Вернадский - Геннадий Аксенов 14 стр.


Вернадский принадлежал к этим редким проницательным умам. Открытие радиоактивности вызвало у него сильнейшее волнение. Похожее чувство испытывают охотники при появлении дичи. Он, может быть, единственный из всех, почувствовал, ощутил всем существом, что бренность атома (это он введет такой термин позднее) имеет гигантские следствия. Как раз для него, для его детских вопросов. Они получают теперь иную окраску. "Мертва ли та материя?" - спрашивал он тогда. И вот сама материя, всегда олицетворявшая нечто бесконечно устойчивое, оказалась конечной, текучей.

Начав преподавать минералогию как историю минералов в земной коре, как науку о химических реакциях элементов в ее прошлом, он постепенно пришел к заключению, что гораздо проще и гораздо эффективнее изучать их в элементарном виде - как историю атомов в земной коре. Минералов - несколько тысяч, а атомов - всего более двух сотен, как быстро выяснилось после открытия Фредериком Содди изотопов. Естественно, что их движение, закономерности их распределения лучше проследить на химических элементах, отождествляемых теперь с атомами, чем на их бесчисленных соединениях.

На рубеже веков Вернадский обнаружил, что вырастил уже не просто научное направление, а целую новую науку, отпочковавшуюся от минералогии. Чуть ли не в единственном числе (правда, с учениками) в отличие от большинства ученых, изучавших атомы в лаборатории, in vitro, он изучал их в естественном бытии, in vivo. В очищенном культурном лабораторном виде атом податлив и разговорчив. Успехи его изучения - от сарая Кюри до атомных котлов электростанций - общеизвестны. Группа ученых, исследующая атомы вещества в природе, более скромна. Она первой поставляет материал, а сама держится в тени. Но натуралисты, как пехота на фронте, все же главный род научного воинства.

Различие между натуралистами и специалистами разительно и наглядно, если взять нечто совсем простое, воду, например. Для тех, кто работает в лаборатории, вода есть соединение двух атомов водорода и одного атома кислорода. Для Вернадского вода - естественное тело. Насчитывается около 240 разновидностей вод, разбитых на определенные группы. Конечно, разбираться в таком изобилии, найти законы их образования значительно труднее, но зато они - реальность природы. То, что есть на самом деле.
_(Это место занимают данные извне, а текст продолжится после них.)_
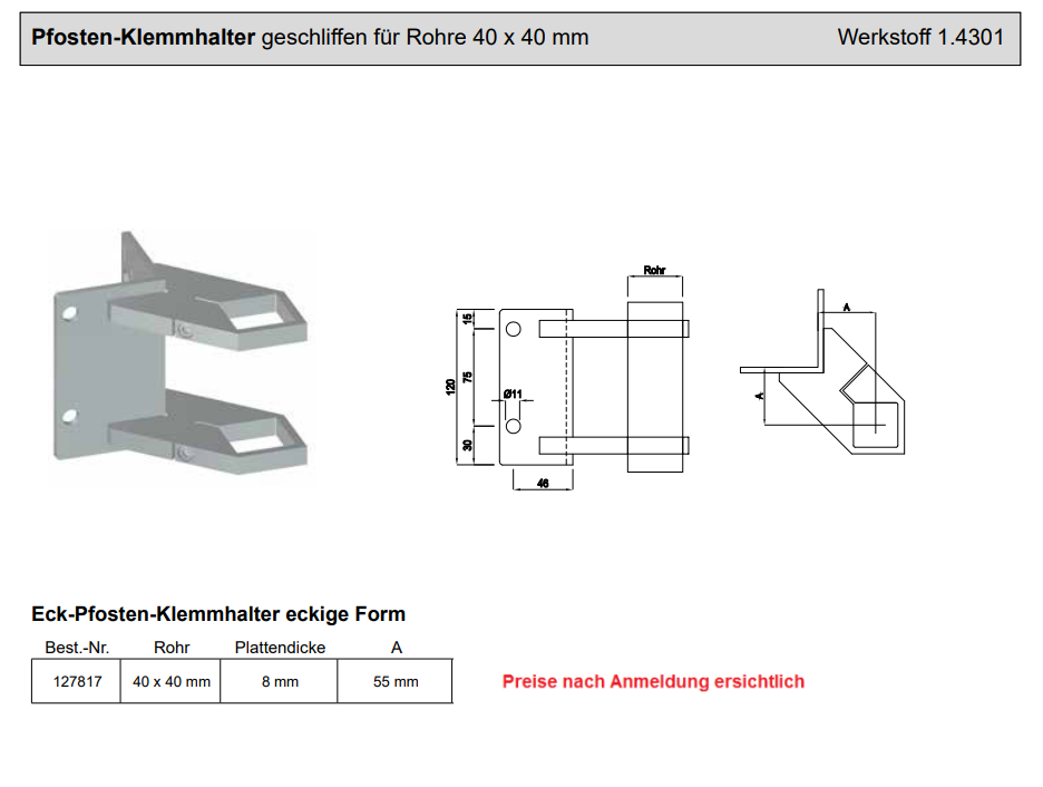 Eck-Pfosten-Klemmhalter eckige Form, CNS 40x40

Одновременно с Вернадским на другом конце Земли тем же путем шел американец Кларк. Он искал закономерности размещения в земной коре не месторождений, не минералов, а атомов. Он дал первую точную сводку их распределения - процентный химический состав любого природного объекта по элементам, начиная от горной породы и кончая земной корой в целом.

Работа Кларка вышла в 1908 году, а Вернадский доложил об основных принципах новой науки в 1909 году на съезде русских естествоиспытателей и врачей. Так родилась геохимия.

Вернадский входил в новую науку не в одиночестве, но сопровождаемый учениками. Его лаборатория не вмещала всех желающих заниматься. Кроме студентов и ассистентов университета он с разрешения ректора приводит сюда слушательниц Коллективных уроков. Складывался и в самом деле Институт, как называл его Вернадский, - со своим нравственным климатом, направляемый идеями шефа и общими делами. По результатам опытов и экспедиций писались доклады, рефераты и обзоры литературы.

Вернадский не подавлял. Не руководил, а только подсказывал, полностью полагаясь на собственную активность и ум ученика. И в этой благожелательной среде, где поддерживался каждый самостоятельный шаг, вскоре заблистали таланты. Тончайшими химиками-аналитиками и минералогами стали Константин Автономович Ненадкевич, Виссарион Виссарионович Карандеев, погибший в мировую войну, слушательницы женских Коллективных уроков Елизавета Дмитриевна Ревуцкая и Ольга Михайловна Шубникова.

Выделялся Яков Владимирович Самойлов. Крещеный еврей из Одессы, он с огромным трудом преодолел бюрократические рогатки, чтобы учиться в Москве. Вернадский помог ему устроиться в Московский университет. Вскоре он станет профессором Петровской сельскохозяйственной академии (будущей Тимирязевки) и одним из крупнейших геохимиков. К сожалению, он рано умер, но его именем ныне называется институт в Москве.

Звездой первой величины оказался и приехавший в Институт Вернадского выпускник Новороссийского университета в Одессе Александр Евгеньевич Ферсман. Обладавший исключительной интуицией и, кроме того, неуемной энергией, Ферсман быстро стал ассистентом на кафедре, потом профессором и сочленом Вернадского по академии. Ферсман прочел первый в мире курс лекций по геохимии в университете Шанявского в Москве в 1912 году.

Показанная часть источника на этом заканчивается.